关键词: 结肠直肠癌, KRAS, NRAS, BRAF, P53

Abstract: Objective: To examine the mutation frequencies of KRAS, NRAS and BRAF in colorectal cancer (CRC) among Chinese population, and to investigate their correlation with clinicopathological parameters and p53 protein expression. Methods: Tissue samples and pathological data of 110 CRC patients undergoing surgical excision were collected, and the clinical pathological features were summarized. Mutations in KRAS (codon 12/13 at exon 2, codon 61 at exon 3 and codon 117/146 at exon 4), NRAS (codon 12/13 at exon 2, codon 61 at exon 3 and codon 146 at exon 4) and BRAF (codon 600 at exon 15) genes were examined with ARMS-PCR. p53 protein expression was detected by immunohistochemistry. Results: 45.4% (50/110) patients carried KRAS mutations; among them, almost all individuals had mutation in KRAS codon 12/13 at exon 2, except one individual had codon 117/146 at exon 4 mutated. 6.3% (7/110) patients carried NRAS mutations; among them, 3/110 patients had mutation in NRAS exon 2 (condon 12/13), 3/110 patients had mutation in NRAS exon 3 (condon 61), 1/110 patient had mutations in both NRAS exon 4 (condon 146) and KRAS. BRAF mutations were detected in 3 patients (2.7%), and were found to have V600E mutations. p53 expression was observed in 63 (57.3%) of 110 CRC patients. Within these 63 positive samples, 27 cases showed KRAS mutations, 7 cases showed NRAS mutations and 2 cases showed BRAF mutations. KRAS mutation was significantly associated with lymph node metastasis (P<0.05) while NRAS mutation was significantly associated with histological type and p53 protein expression (P<0.05). BRAF mutation was significantly associated with right colon cancer (P<0.05). Conclusions: KRAS is closely related to the molecular mechanism of occurrence and development of colorectal cancer. BRAF mutation is only found in right colon cancer, suggesting that the mechanism of right hemicolon cancer may have its particularity. The interaction between p53 protein expression and NRAS mutation is worthy of further study.

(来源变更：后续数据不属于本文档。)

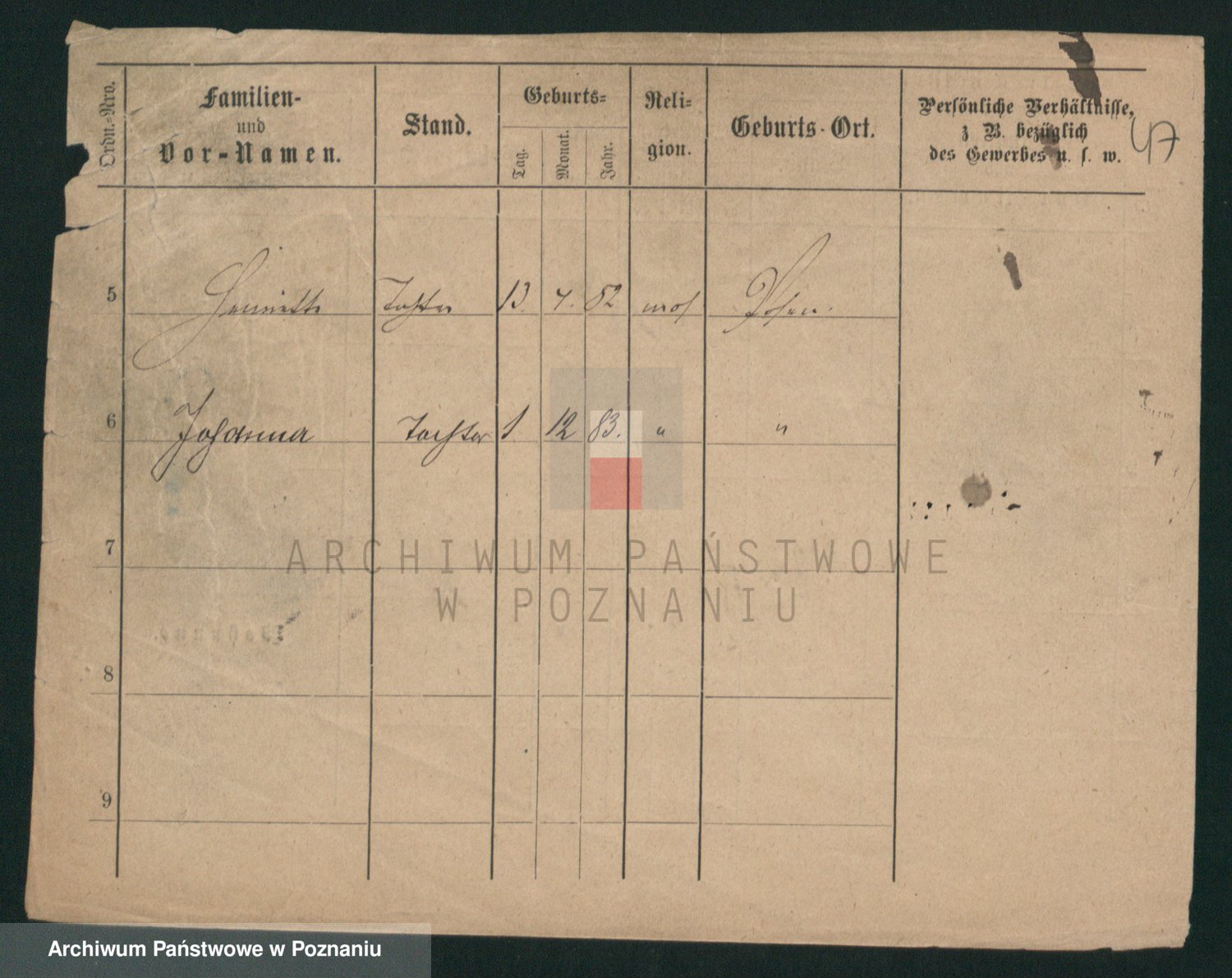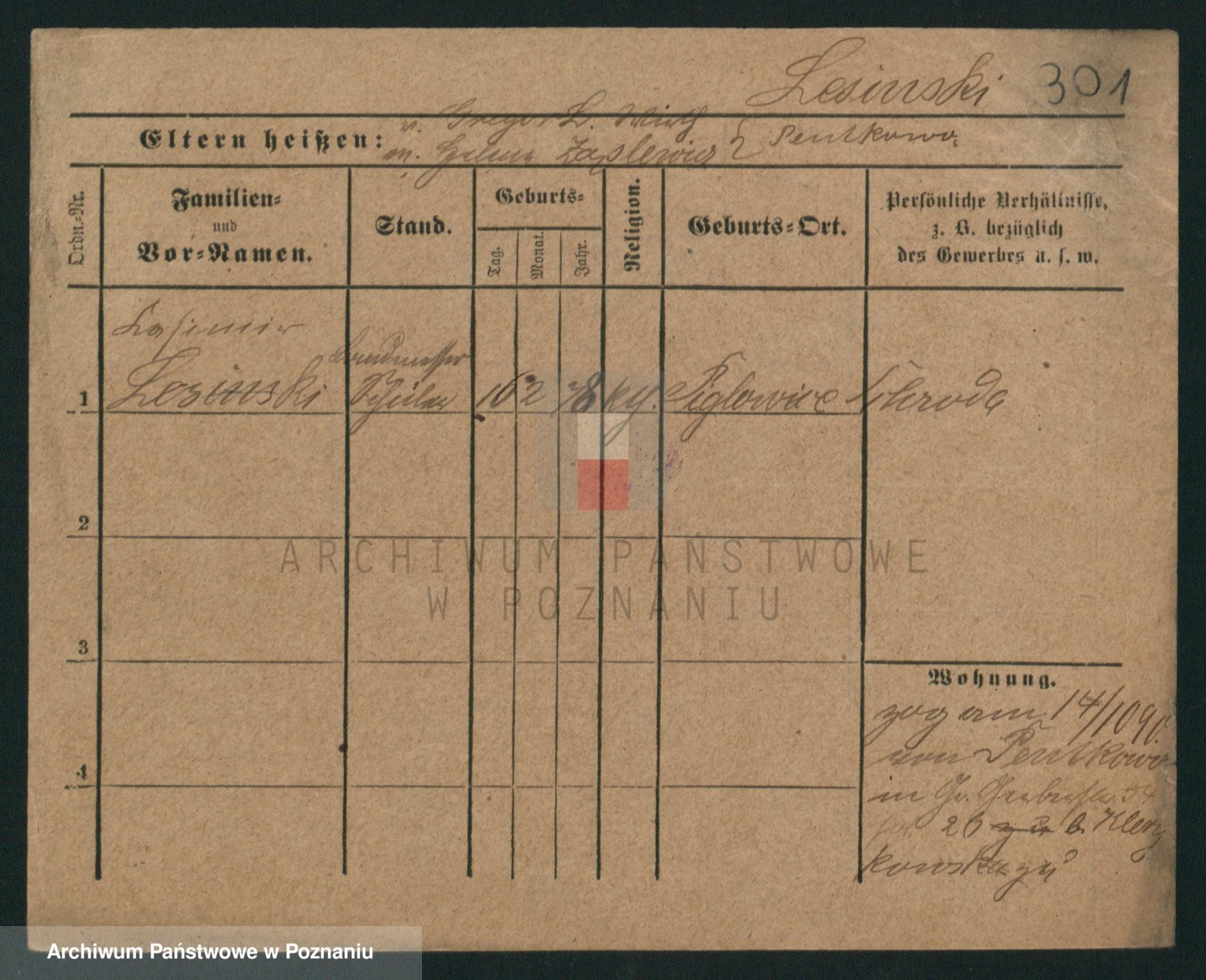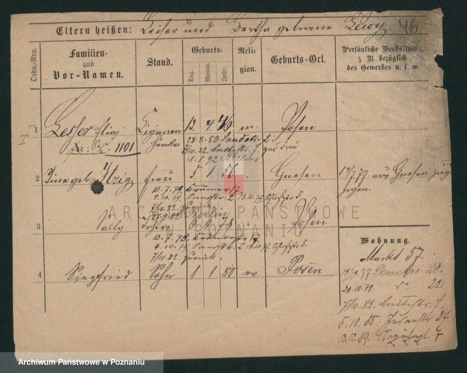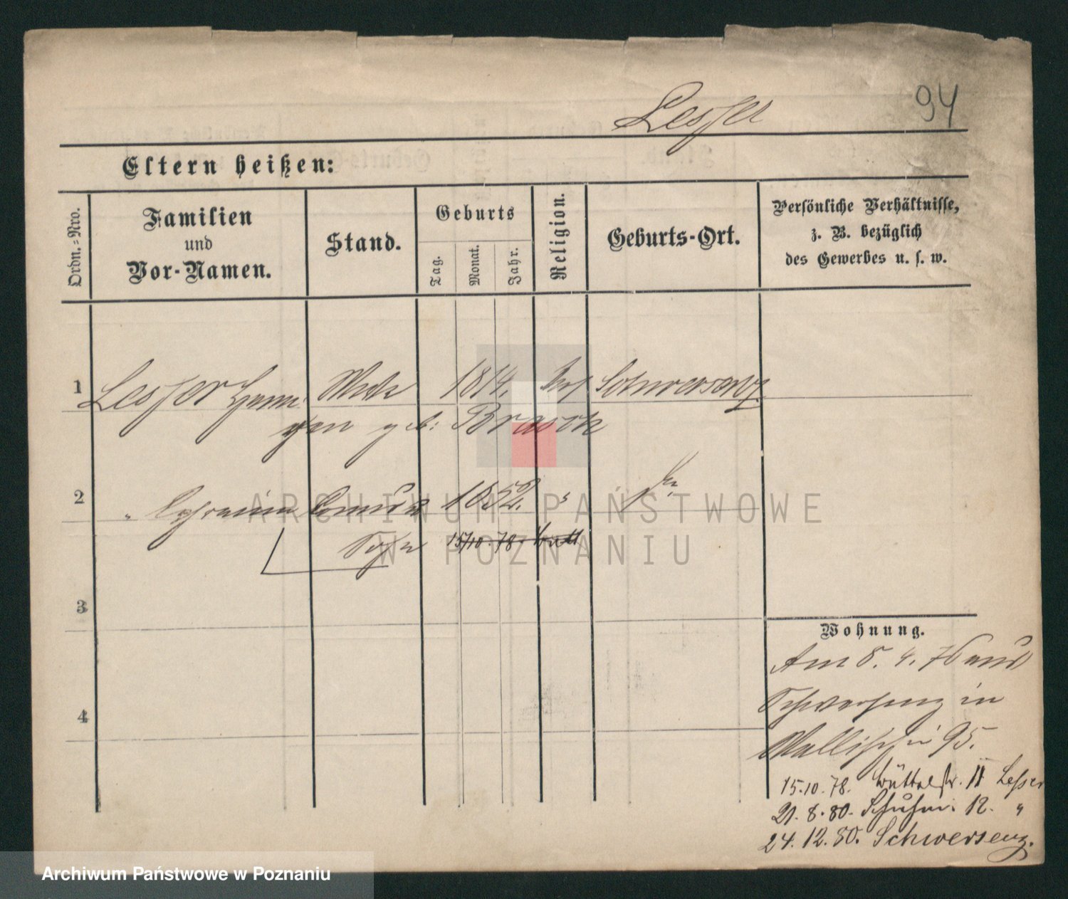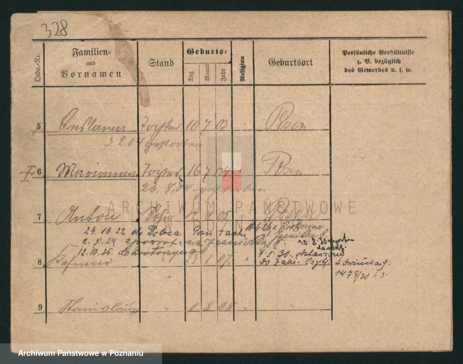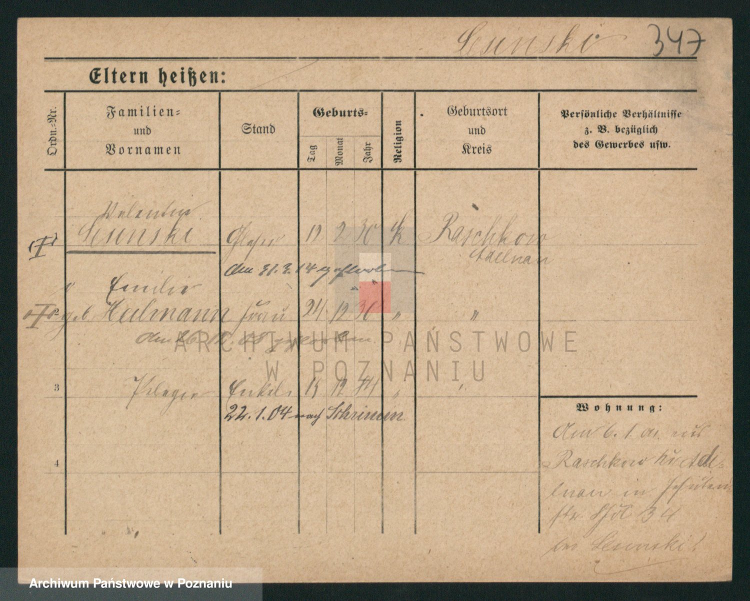 Podgląd karty osobowej dostępny jest po kliknięciu na nazwisko lub ikonkę karty. Można dokonywać powiększenia (ikony na górze) lub przechodzić między kolejnymi skanami (strzałki po bokach).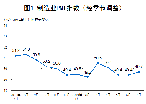 人民网北京7月31日电 (杨曦)国家统计局今日公布数据显示,2019年7月份,制造业PMI为49.7%,高于上月0.3个百分点,是今年4月份以来首次回升。非制造业商务活动指数为53.7%,比上月回落0.5个百分点,非制造业总体保持较快扩张。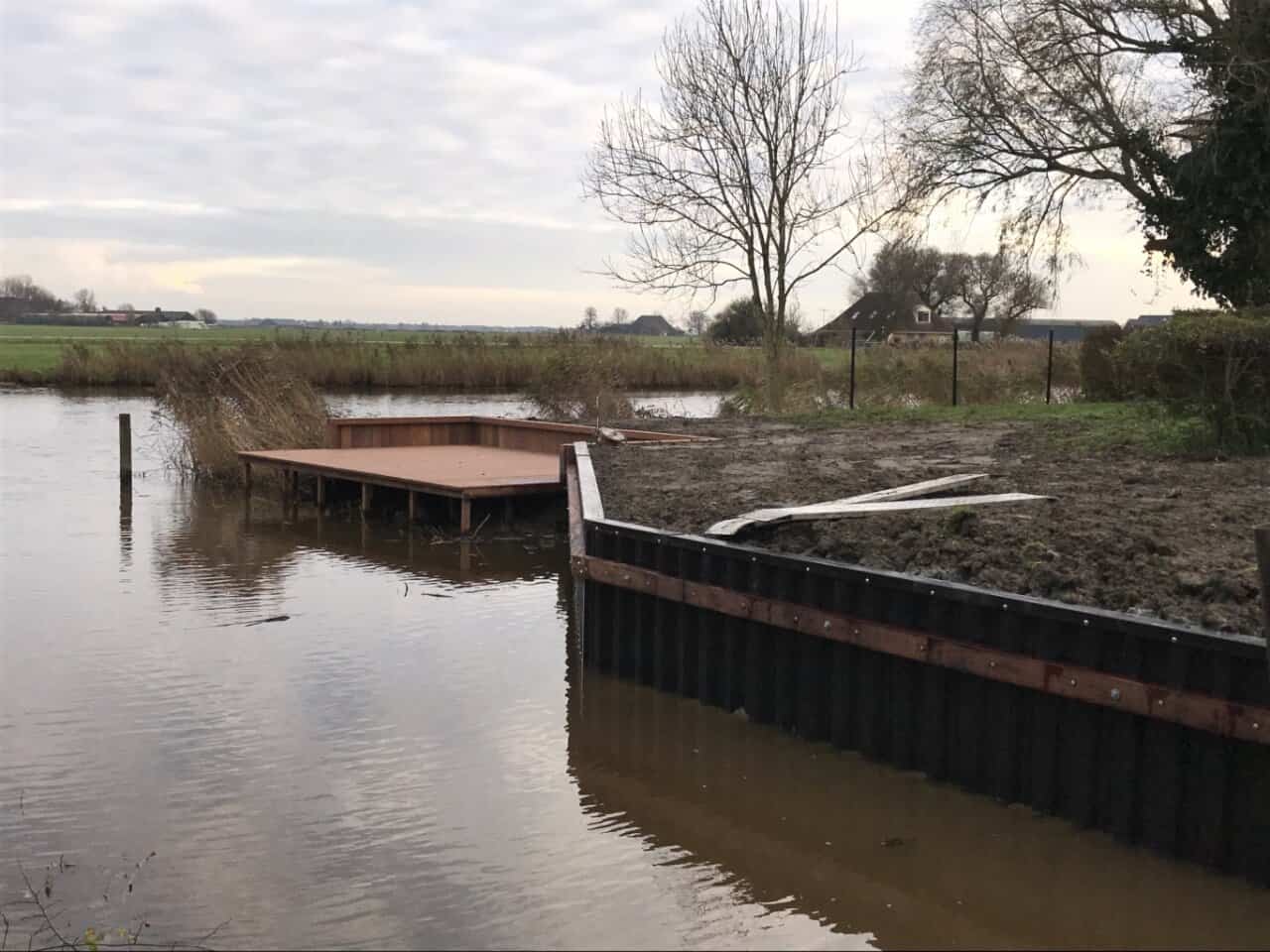 Voor een klant aan het water in Heeg hebben wij een kunststof walbeschoeiing geplaatst, gecombineerd met een aanlegsteiger en een terras direct aan de oever. Daarnaast hebben we ook een luxe carport van larikshout mogen realiseren.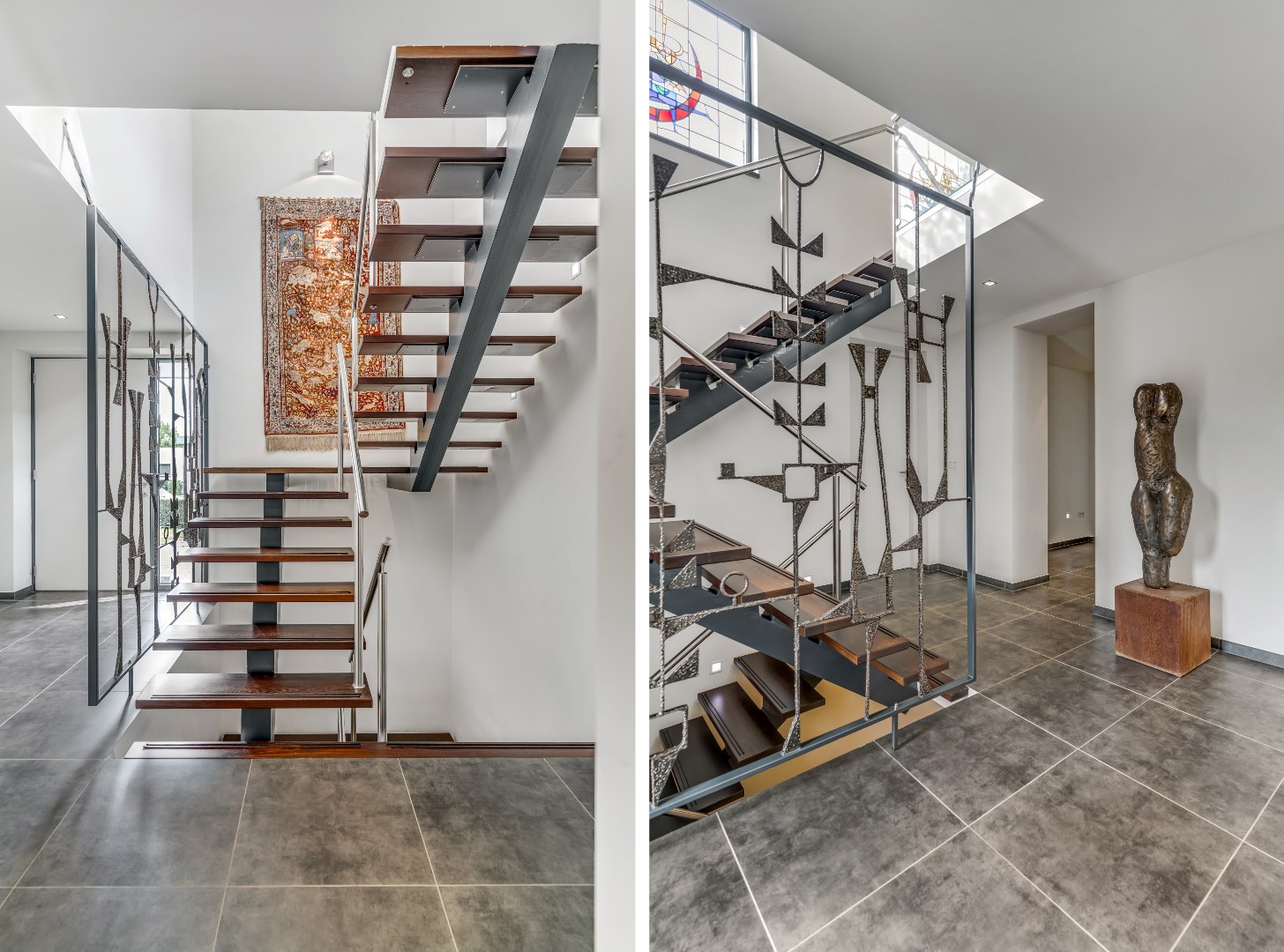 Na binnenkomst via de overdekte entree maakt de zeer ruime ontvangsthal (12 m²) met zijn grootformaat keramische tegels meteen indruk. Aan de rechterzijde bevindt zich een deur naar de keuken, terwijl rechtdoor een deur toegang biedt tot de woonkamer. Aan de linkerzijde gaat een deur naar de garage en via een trap in de entree is er toegang tot diverse kelderruimtes. Er is ook een open verbinding met een ruimte met een garderobenis en meerdere hoedenplanken; hier bevindt zich ook de meterkast en een deur naar een ruim toilet met een vrijhangend closet en een grote wastafel.

Key words: Colorectal cancer, KRAS, NRAS, BRAF, P53

中图分类号:

R735.3⁺5

王子元, 梁婷玉, 陈佳, 韩志宏, 吴丽莉. 结肠直肠癌KRAS、NRAS、BRAF基因突变及其与临床病理特征、p53蛋白表达间相关性研究[J]. 诊断学理论与实践, 2018, 17(06): 687-693.

WANG Ziyuan, LIANG Tingyu, CHEN Jia, HAN Zhihong, WU Lili. Analysis of KRAS, NRAS and BRAF mutations in colorectal cancer and their correlation with clinicopathologic features and p53 protein expression[J]. Journal of Diagnostics Concepts & Practice, 2018, 17(06): 687-693.

参考文献

[1] Hanahan D, Weinberg RA.The hallmarks of cancer[J]. Cell,2000,100(1):57-70.
[2] Rajagopalan H, Nowak MA, Vogelstein B, et al.The significance of unstable chromosomes in colorectal cancer[J]. Nat Rev Cancer, 2003, 3(9):695-701.
[3] Peltomäki P.Mutations and epimutations in the origin of cancer[J]. Exp Cell Res,2012,318(4):299-310.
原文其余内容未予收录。